### Task directions
Below are the records; extract from them the line containing "Los listados pueden" to the line containing "然后将下载的压缩包解压,得到", both lines included, exactly and with no pictures.

### Records for the task
————————
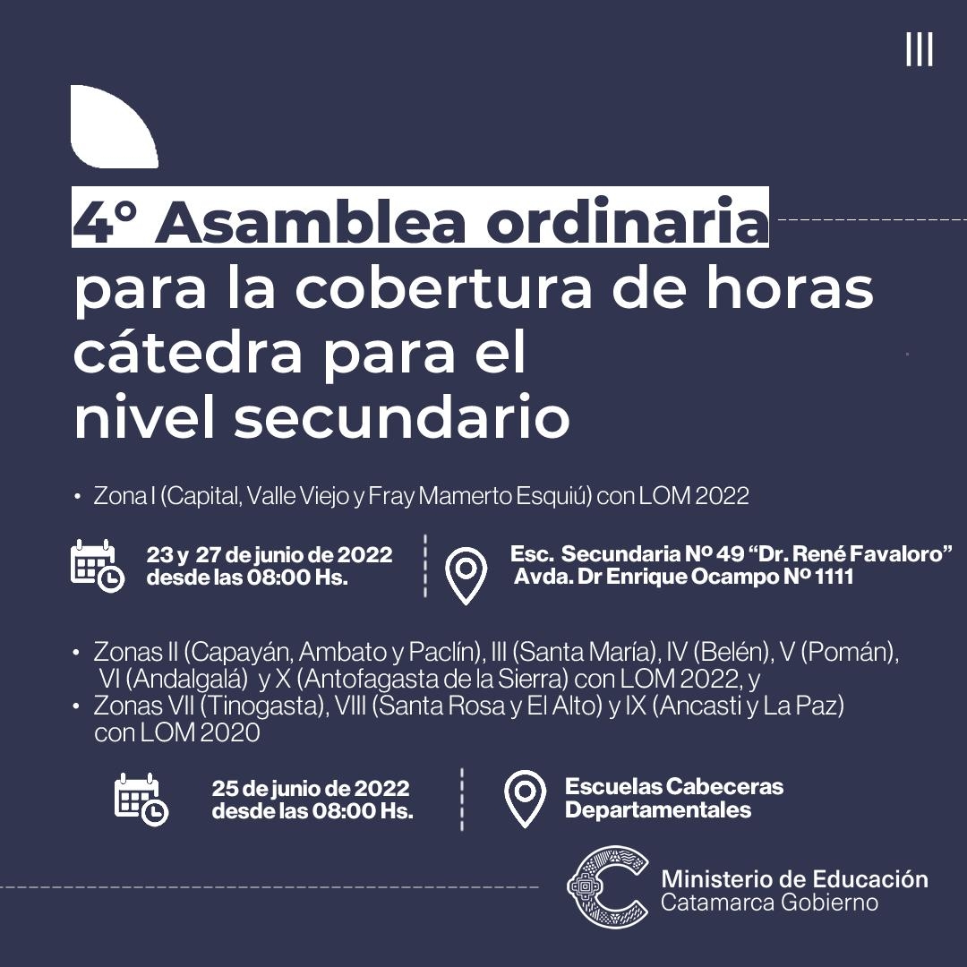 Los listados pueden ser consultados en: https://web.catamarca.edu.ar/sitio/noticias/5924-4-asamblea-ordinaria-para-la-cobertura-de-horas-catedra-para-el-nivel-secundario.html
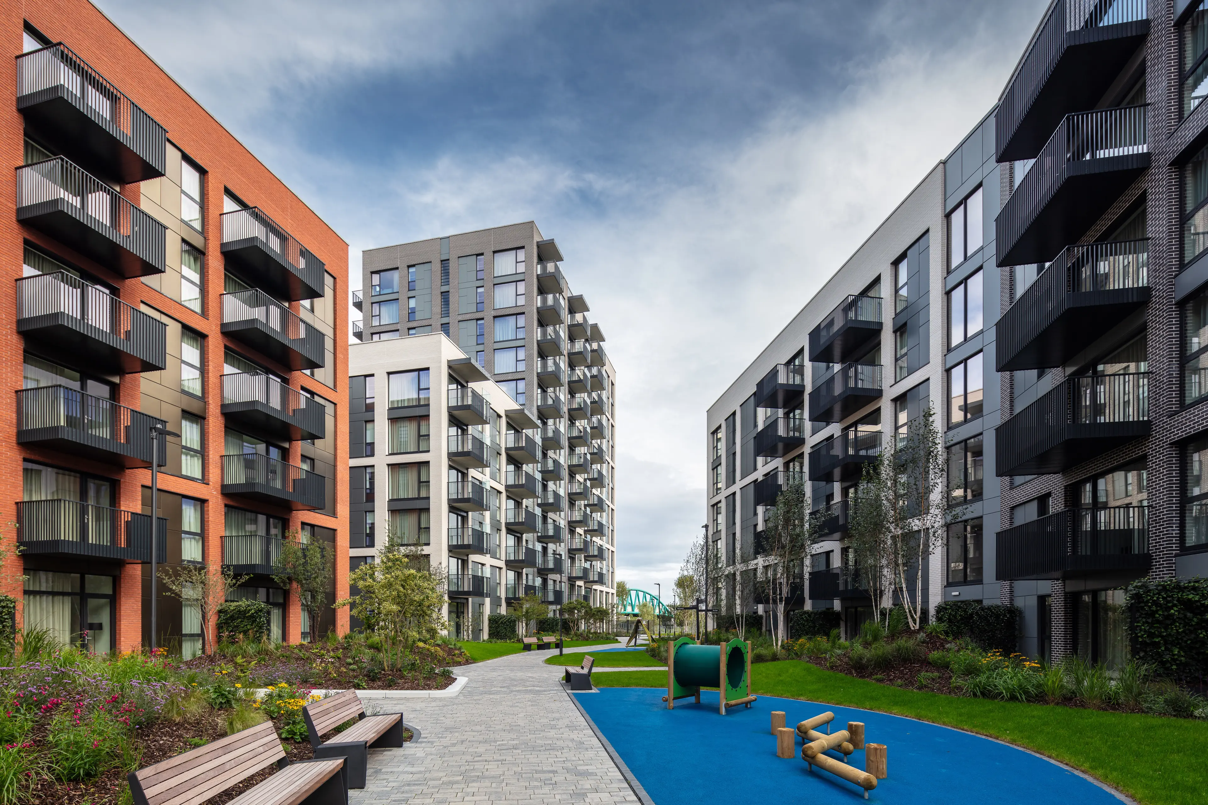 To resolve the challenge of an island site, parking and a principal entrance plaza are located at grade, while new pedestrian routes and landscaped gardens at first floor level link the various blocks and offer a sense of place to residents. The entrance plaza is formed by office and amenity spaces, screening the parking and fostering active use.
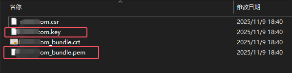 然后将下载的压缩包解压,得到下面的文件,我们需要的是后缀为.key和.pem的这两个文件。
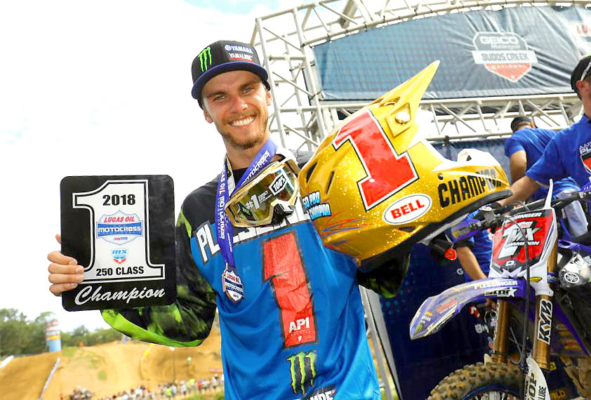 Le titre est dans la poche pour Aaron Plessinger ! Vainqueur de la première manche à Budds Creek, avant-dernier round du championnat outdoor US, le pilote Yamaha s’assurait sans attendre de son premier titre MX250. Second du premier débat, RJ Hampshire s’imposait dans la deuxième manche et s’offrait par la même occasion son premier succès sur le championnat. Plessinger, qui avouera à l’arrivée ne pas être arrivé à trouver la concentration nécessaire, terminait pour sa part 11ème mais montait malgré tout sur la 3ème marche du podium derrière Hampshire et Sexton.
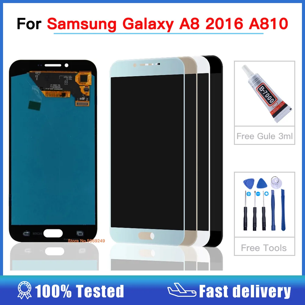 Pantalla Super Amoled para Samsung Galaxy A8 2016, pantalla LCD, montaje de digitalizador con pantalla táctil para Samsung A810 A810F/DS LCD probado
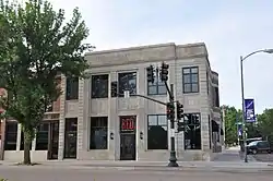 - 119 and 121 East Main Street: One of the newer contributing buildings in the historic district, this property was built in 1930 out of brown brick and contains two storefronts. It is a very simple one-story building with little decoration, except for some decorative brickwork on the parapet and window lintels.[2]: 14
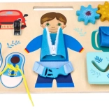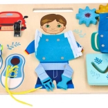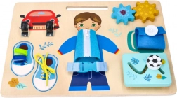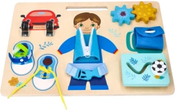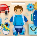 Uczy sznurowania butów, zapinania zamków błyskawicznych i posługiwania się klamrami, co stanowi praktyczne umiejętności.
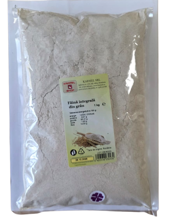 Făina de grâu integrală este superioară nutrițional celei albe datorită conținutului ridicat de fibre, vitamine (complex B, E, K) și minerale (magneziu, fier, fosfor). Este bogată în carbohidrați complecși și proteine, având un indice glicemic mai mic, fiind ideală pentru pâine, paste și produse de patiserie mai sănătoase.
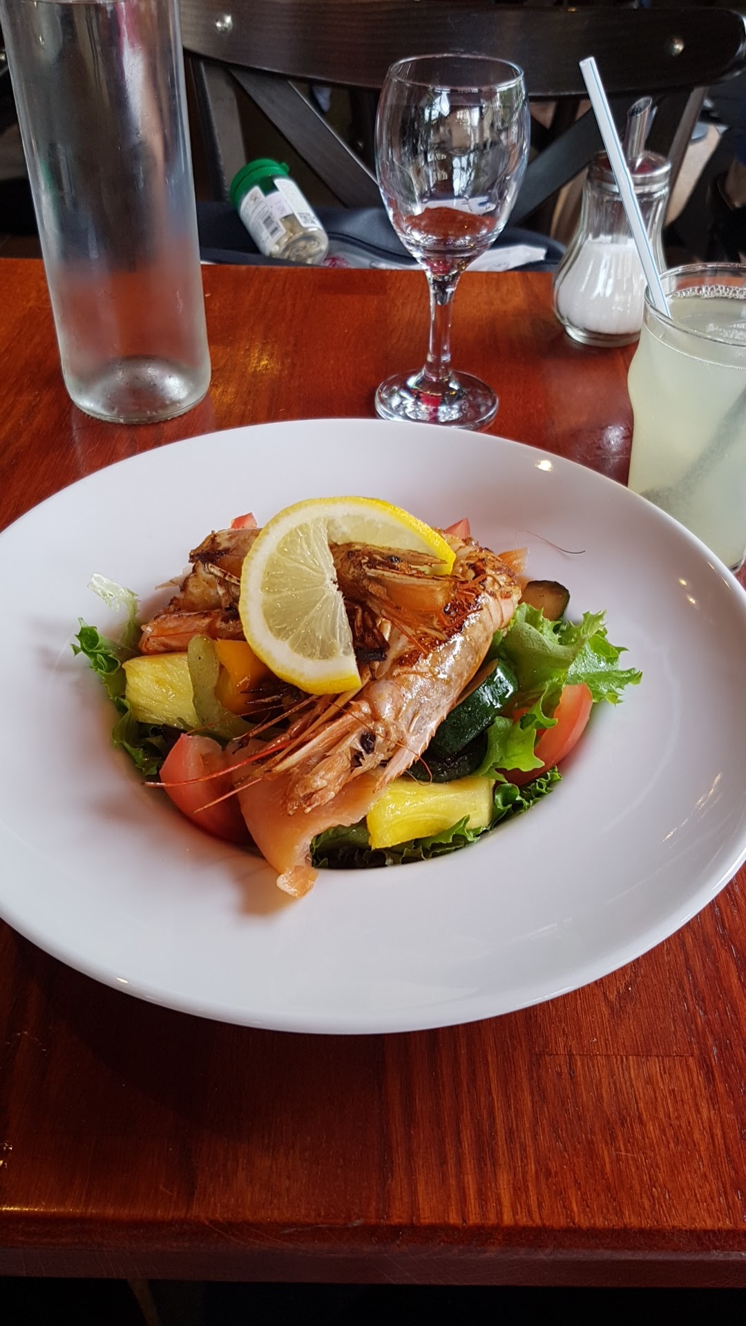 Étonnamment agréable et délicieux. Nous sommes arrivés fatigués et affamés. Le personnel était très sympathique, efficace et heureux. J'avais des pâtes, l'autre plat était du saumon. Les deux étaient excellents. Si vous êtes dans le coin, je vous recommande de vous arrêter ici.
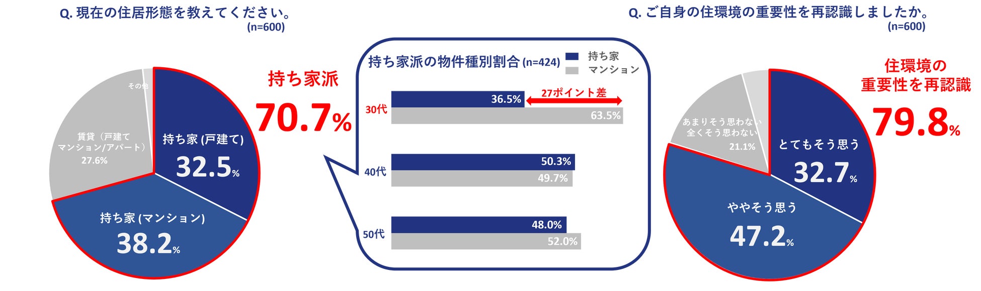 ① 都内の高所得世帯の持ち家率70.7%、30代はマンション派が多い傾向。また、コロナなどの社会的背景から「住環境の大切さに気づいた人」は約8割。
————————
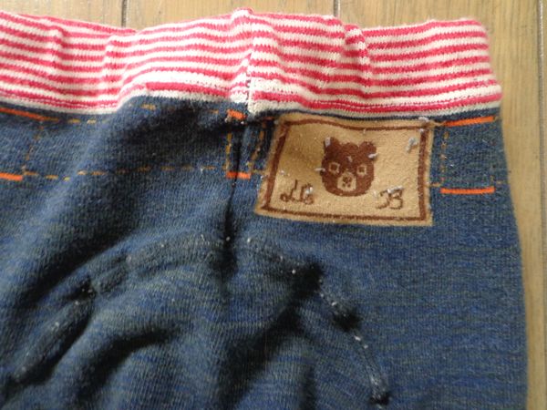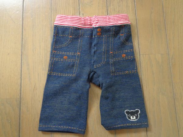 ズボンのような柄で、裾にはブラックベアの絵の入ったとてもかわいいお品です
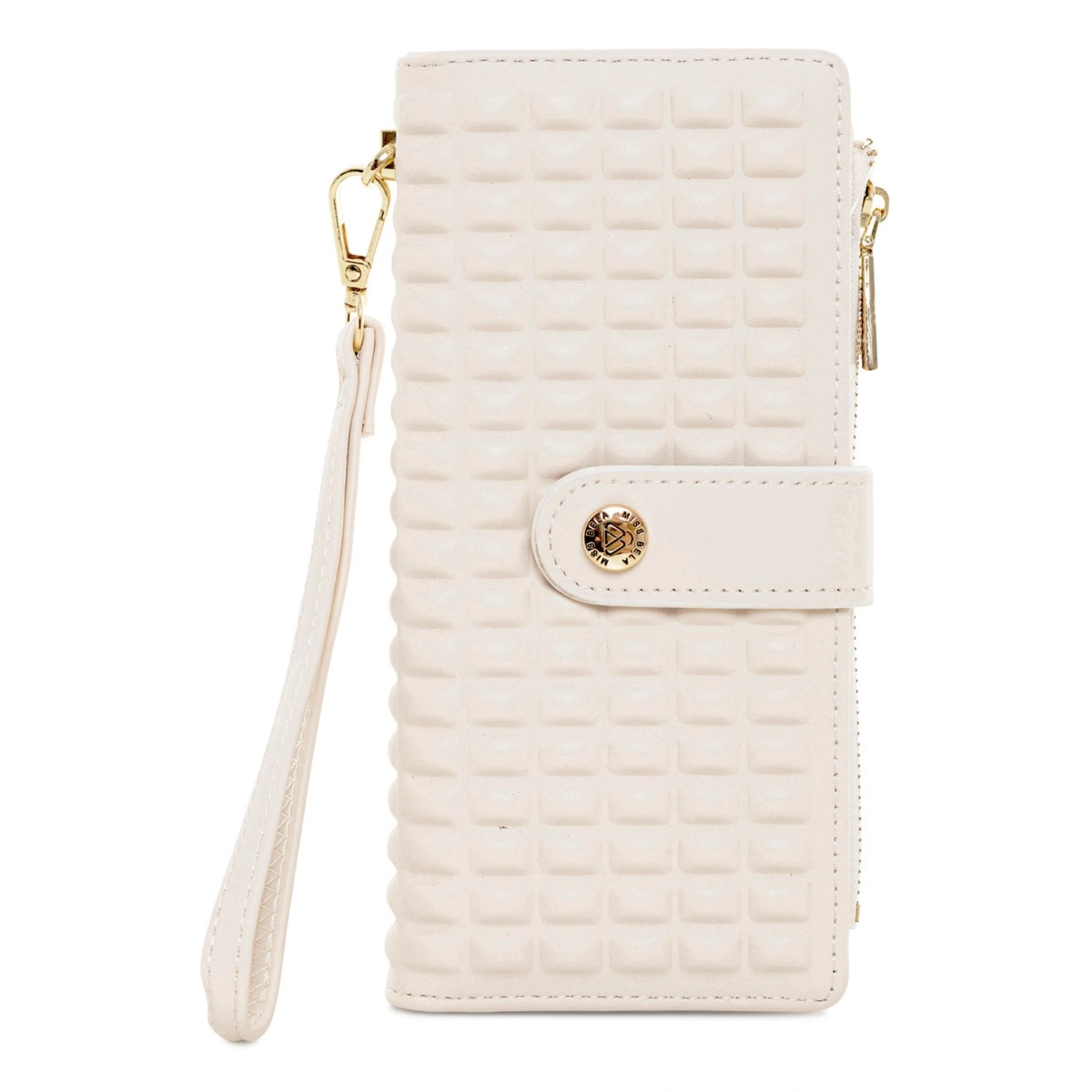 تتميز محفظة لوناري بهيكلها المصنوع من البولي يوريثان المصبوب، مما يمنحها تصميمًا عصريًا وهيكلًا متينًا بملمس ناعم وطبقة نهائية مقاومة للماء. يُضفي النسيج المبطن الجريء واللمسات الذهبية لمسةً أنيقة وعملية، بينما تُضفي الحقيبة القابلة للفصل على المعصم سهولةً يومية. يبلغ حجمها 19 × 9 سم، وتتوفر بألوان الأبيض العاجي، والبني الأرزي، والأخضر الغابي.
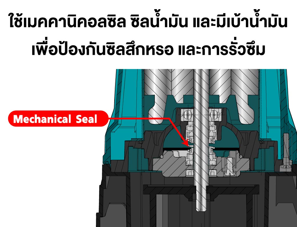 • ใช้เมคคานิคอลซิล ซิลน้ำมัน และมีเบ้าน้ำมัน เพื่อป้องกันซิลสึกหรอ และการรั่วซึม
————————
### Solution for this problem
 Los listados pueden ser consultados en: https://web.catamarca.edu.ar/sitio/noticias/5924-4-asamblea-ordinaria-para-la-cobertura-de-horas-catedra-para-el-nivel-secundario.html
 To resolve the challenge of an island site, parking and a principal entrance plaza are located at grade, while new pedestrian routes and landscaped gardens at first floor level link the various blocks and offer a sense of place to residents. The entrance plaza is formed by office and amenity spaces, screening the parking and fostering active use.
 然后将下载的压缩包解压,得到下面的文件,我们需要的是后缀为.key和.pem的这两个文件。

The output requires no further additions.